START Data segment

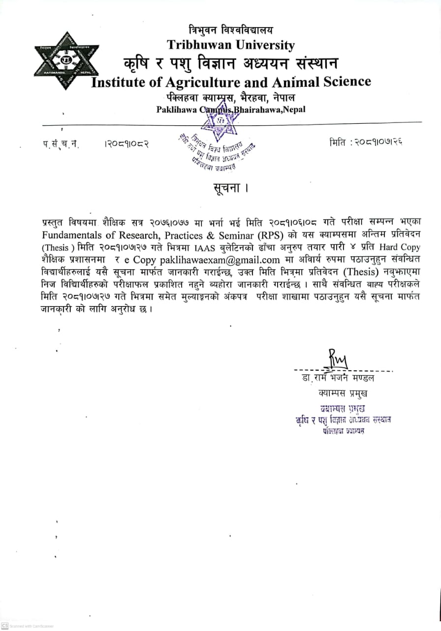 B.V. Sc. & A.H. तर्फ रिक्त Annex कोटामा लागि भर्न...
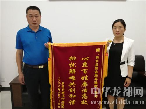 中華龍都網訊(周口報業(yè)全媒體記者 付永奇 通訊員魏紅 位慶華 )6月26日上午,商水縣信訪局門前鼓樂喧天、鞭炮齊鳴、人群涌動。其間,幾名群眾簇擁著一面上書“心系百姓廉潔高效排憂解難共創(chuàng)和諧”的錦旗徑自向商水縣信訪局走來。
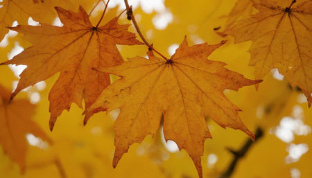 Close-up of vibrant yellow maple leaves illuminated by warm sunlight, showcasing the beauty of autumn foliage.
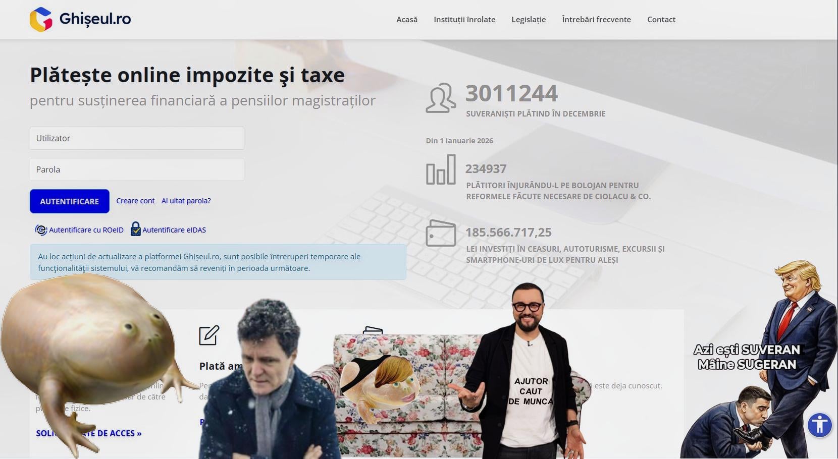 GeotheHSLord on 14/01/2026 08:45 La mulți și fericiți ani în 2026 și pe mai departe, dragii mei flăcăii <3 Nu uitați să vă plătiți taxele, că altfel ajungeți să rămâneți fără avion, [la fel ca presedintele nostru la Paris](https://www.g4media.ro/avion-zbor-nicusor-dan-paris-blocat-vreme-aeronava-c-27j-spartan-armata-romana.html). De asemenea, nu uitați să vă respectați superiorii, [așa cum fac sugeraniștii adevărați în fața „tătuțului” din America](https://www.reddit.com/r/Romania/comments/1qav38c/pai_da/?utm_source=share&utm_medium=web3x&utm_name=web3xcss&utm_term=1&utm_content=share_button). Domnul Cătălin Măruță nu a început anul prea bine, [trebuie să treacă pe la Direcția pentru Șomaj acum](https://hotnews.ro/pro-tv-emisiune-catalin-maruta-2148644). Asta deși locuri de muncă se găsesc, [mai ales având în vedere că o nouă ramură a muncii s-ar putea să intre în legalitate.](https://adevarul.ro/politica/proiect-de-lege-depus-in-parlament-pentru-2500230.html?fbclid=Iwb21leAPR8fljbGNrA9Hx9GV4dG4DYWVtAjExAHNydGMGYXBwX2lkDDM1MDY4NTUzMTcyOAABHr7cXFrKt11DXQIJnrKq4XZDJglxyzXjux8IKKTKXh80V80JLxWunuKI5Zf4_aem_oIFFQdPXmvDvbUhFf2TajQ)

END Data segment

- **What is required**
Line by line, reproduce the material above exactly, leaving each picture out.

- **Response to this exercise**
 B.V. Sc. & A.H. तर्फ रिक्त Annex कोटामा लागि भर्न...
 中華龍都網訊(周口報業(yè)全媒體記者 付永奇 通訊員魏紅 位慶華 )6月26日上午,商水縣信訪局門前鼓樂喧天、鞭炮齊鳴、人群涌動。其間,幾名群眾簇擁著一面上書“心系百姓廉潔高效排憂解難共創(chuàng)和諧”的錦旗徑自向商水縣信訪局走來。
 Close-up of vibrant yellow maple leaves illuminated by warm sunlight, showcasing the beauty of autumn foliage.
 GeotheHSLord on 14/01/2026 08:45 La mulți și fericiți ani în 2026 și pe mai departe, dragii mei flăcăii <3 Nu uitați să vă plătiți taxele, că altfel ajungeți să rămâneți fără avion, [la fel ca presedintele nostru la Paris](https://www.g4media.ro/avion-zbor-nicusor-dan-paris-blocat-vreme-aeronava-c-27j-spartan-armata-romana.html). De asemenea, nu uitați să vă respectați superiorii, [așa cum fac sugeraniștii adevărați în fața „tătuțului” din America](https://www.reddit.com/r/Romania/comments/1qav38c/pai_da/?utm_source=share&utm_medium=web3x&utm_name=web3xcss&utm_term=1&utm_content=share_button). Domnul Cătălin Măruță nu a început anul prea bine, [trebuie să treacă pe la Direcția pentru Șomaj acum](https://hotnews.ro/pro-tv-emisiune-catalin-maruta-2148644). Asta deși locuri de muncă se găsesc, [mai ales având în vedere că o nouă ramură a muncii s-ar putea să intre în legalitate.](https://adevarul.ro/politica/proiect-de-lege-depus-in-parlament-pentru-2500230.html?fbclid=Iwb21leAPR8fljbGNrA9Hx9GV4dG4DYWVtAjExAHNydGMGYXBwX2lkDDM1MDY4NTUzMTcyOAABHr7cXFrKt11DXQIJnrKq4XZDJglxyzXjux8IKKTKXh80V80JLxWunuKI5Zf4_aem_oIFFQdPXmvDvbUhFf2TajQ)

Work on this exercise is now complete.